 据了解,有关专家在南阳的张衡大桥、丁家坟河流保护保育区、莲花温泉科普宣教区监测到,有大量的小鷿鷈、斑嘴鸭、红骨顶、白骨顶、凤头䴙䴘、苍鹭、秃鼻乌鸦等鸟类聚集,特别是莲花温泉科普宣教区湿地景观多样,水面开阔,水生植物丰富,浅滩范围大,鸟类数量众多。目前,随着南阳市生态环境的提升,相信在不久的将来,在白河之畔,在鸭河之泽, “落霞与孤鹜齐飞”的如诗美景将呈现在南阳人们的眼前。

--

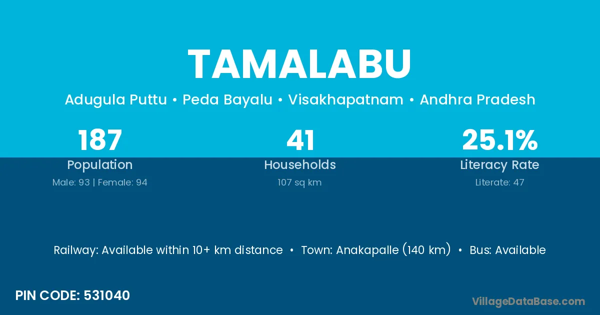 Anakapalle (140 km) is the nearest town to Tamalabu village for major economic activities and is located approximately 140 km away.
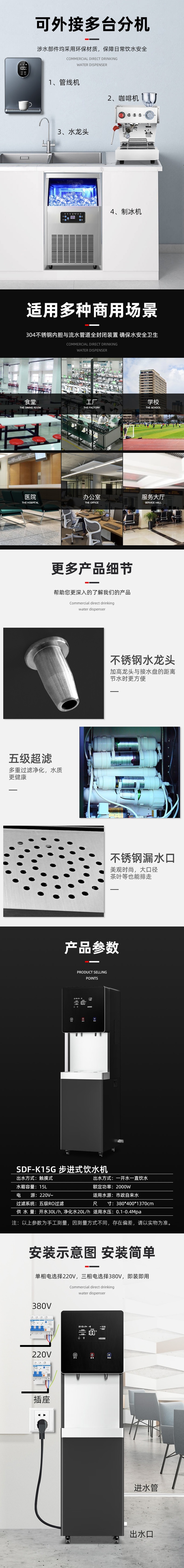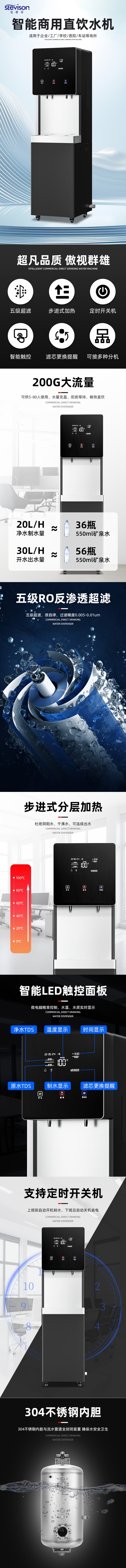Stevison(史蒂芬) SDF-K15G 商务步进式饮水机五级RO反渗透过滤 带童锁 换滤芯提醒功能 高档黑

> Exercise requirements: Text only, no pictures: please print exactly the lines above from the line with "Anakapalle (140 km)" up to and including the line with "Stevison(史蒂芬) SDF-K15G 商务步进式饮水机五级RO反渗透过滤", and nothing else.

> Written solution:
 Anakapalle (140 km) is the nearest town to Tamalabu village for major economic activities and is located approximately 140 km away.
Stevison(史蒂芬) SDF-K15G 商务步进式饮水机五级RO反渗透过滤 带童锁 换滤芯提醒功能 高档黑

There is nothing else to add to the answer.